Many people have been wondering, what is the recommended order for a multiplexed HiFi pool: 1) first ccs and then demux 2) first demux and then ccs
Use 2k ecoli amplicons with barcoded overhang adapters, symmetric. Workflow steps: 1) Generate CCS 2) Demux subreads and whitelist on CCS hole numbers 3) Demux CCS 4) Compare both sets of hole numbers
Verbatim results for one chip:
Generated CCS reads : 274185 Demuxed CCS reads : 269919 (98.44%) Demuxed subreads : 271068 (98.86%)
Venn diagrams for two chips:
Just based on those numbers, one would say, pick subread demuxing. Here comes the but.

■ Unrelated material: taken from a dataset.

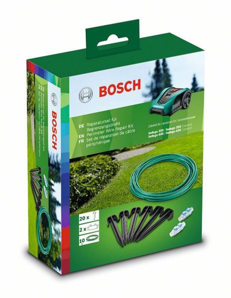 - Inkluderar 10 m begränsningstråd, 20 fästpinnar och 2 kabelanslutningar

Demuxing subreads is very IO heavy and takes ~100x longer than demuxing CCS. For the sake of time to result and disk space, perform CCS first and demux afterwards.
Q: Is there any systematic reason for reads that get correctly called by subread demux but not ccs or vice versa?

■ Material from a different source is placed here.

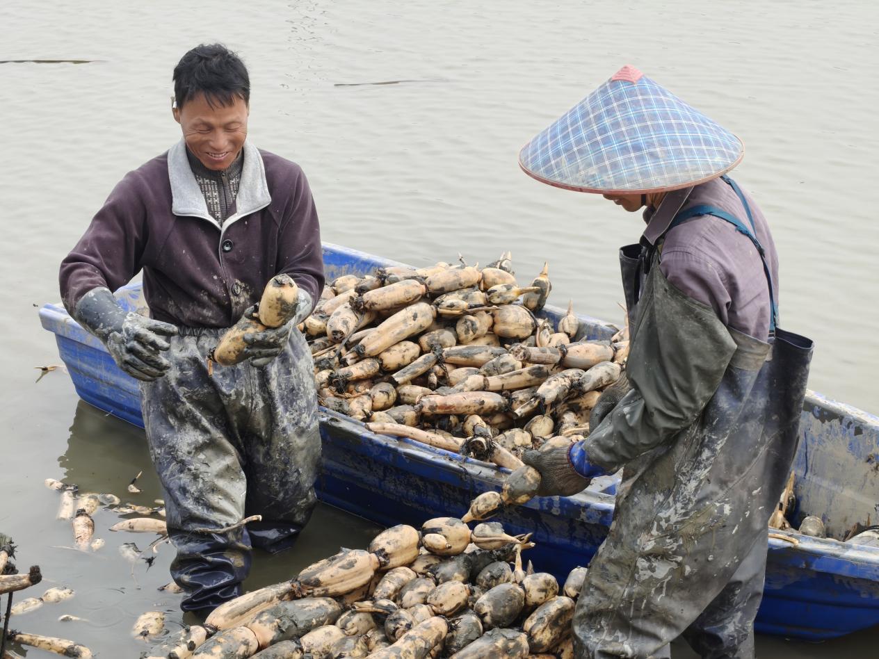 走進蓮藕種植基地,只見藕農們身穿防水服,劃著采藕小船,熟練地在藕田中穿梭。隨著藕農們的采摘,一根根粗壯飽滿的蓮藕浮出水面,藕農們迅速將其撿拾、清洗、裝筐,整個過程井然有序。姚學介紹,今年的蓮藕產量和質量都達到預期的目標,預計每畝產量可達3000斤左右,總收入十分可觀。

Let’s plot subread barcode scores, grouped by if they were only called in subreads (blue) or not (red)
Majority of what is subread output only is on the verge of being called at all. The problem with the current CCS draft stage is that it sometimes trims a few bases, which is generally not a big issue for demuxing, but if the barcode is molecularly damaged, too short or of low quality, a few missing bases lead to being uncallable.
Vice versa, only called by CCS and not in subreads:
Again something that is on the verge being called. The reason for the ~300 reads at 100 score, no idea so far. In general, this is 0.1% of the data. Let’s investigate those ~300 calls and plot their subread demux barcode scores.
It’s curious why they didn’t get called, but for 0.1% not worth changing any parameters now, but worth future investigation.